**Recorded data**.
——

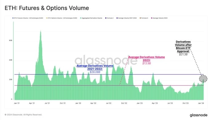 글래스노드는 "현재 이더리움 파생상품의 일일 총 거래량은 213억달러를 기록하고 있다"면서 "이는 2023년 평균 거래량(139억달러)를 웃돌지만 2021년, 2022년 거래량에는 한참 미치지 못했다"라고 덧붙였다.
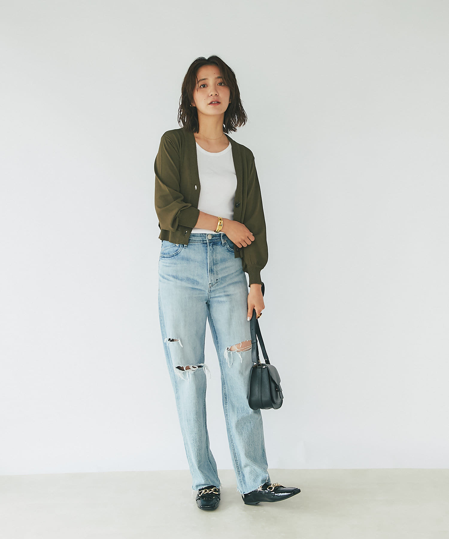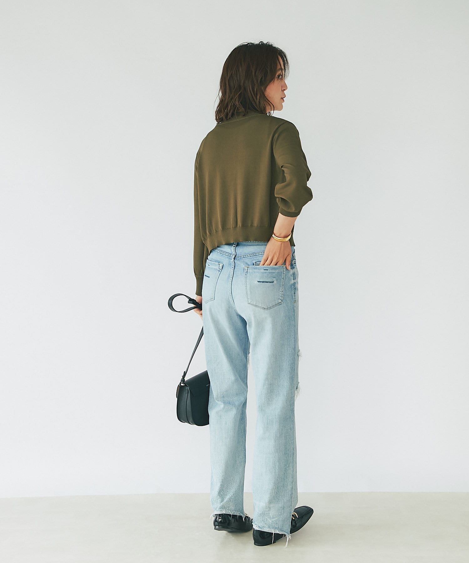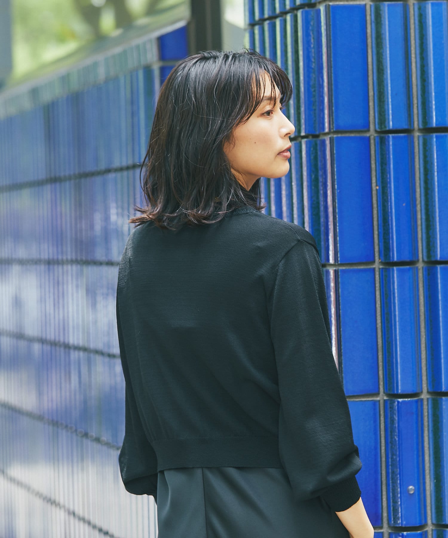 着丈が短めなので腰の位置が高く見え、脚長効果があります。
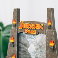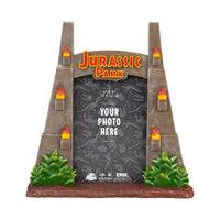 Revive la emoción de una de las sagas más épicas del cine con este marco de fotos de Jurassic Park, inspirado en la icónica puerta de entrada que da la bienvenida al parque de dinosaurios más famoso del mundo.
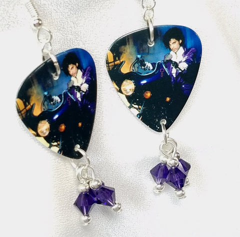 These are made on Prince Purple Rain guitar picks. The front side if the cover of the album, and the back of the picks are black with Prince's symbol in purple. I dangled three purple velvet colored 6mm genuine Swarovski crystal bicones from each earring.
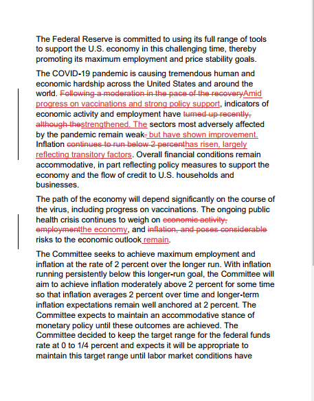 新冠疫情给美国和世界各地的人们和经济造成了巨大的困难。随着疫苗接种取得进展和强有力的政策支持,经济活动和就业指标有所加强。受大流行病不利影响最大的部门仍然薄弱,但已显示出改善。通货膨胀率上升,主要反映了暂时性因素(尽管受疫情影响最严重的部门仍然疲弱,复苏步伐温和,近期经济活动和就业指标有所回升。通胀率继续低于2%)。整体金融状况保持宽松,这部分是因为支持经济的政策措施以及流向美国家庭和企业的信贷。

——

**ACTIVITY**.
From the first line to the last, set down the records above exactly and skip the pictures.

**EXERCISE OUTPUT**.
 글래스노드는 "현재 이더리움 파생상품의 일일 총 거래량은 213억달러를 기록하고 있다"면서 "이는 2023년 평균 거래량(139억달러)를 웃돌지만 2021년, 2022년 거래량에는 한참 미치지 못했다"라고 덧붙였다.
 着丈が短めなので腰の位置が高く見え、脚長効果があります。
 Revive la emoción de una de las sagas más épicas del cine con este marco de fotos de Jurassic Park, inspirado en la icónica puerta de entrada que da la bienvenida al parque de dinosaurios más famoso del mundo.
 These are made on Prince Purple Rain guitar picks. The front side if the cover of the album, and the back of the picks are black with Prince's symbol in purple. I dangled three purple velvet colored 6mm genuine Swarovski crystal bicones from each earring.
 新冠疫情给美国和世界各地的人们和经济造成了巨大的困难。随着疫苗接种取得进展和强有力的政策支持,经济活动和就业指标有所加强。受大流行病不利影响最大的部门仍然薄弱,但已显示出改善。通货膨胀率上升,主要反映了暂时性因素(尽管受疫情影响最严重的部门仍然疲弱,复苏步伐温和,近期经济活动和就业指标有所回升。通胀率继续低于2%)。整体金融状况保持宽松,这部分是因为支持经济的政策措施以及流向美国家庭和企业的信贷。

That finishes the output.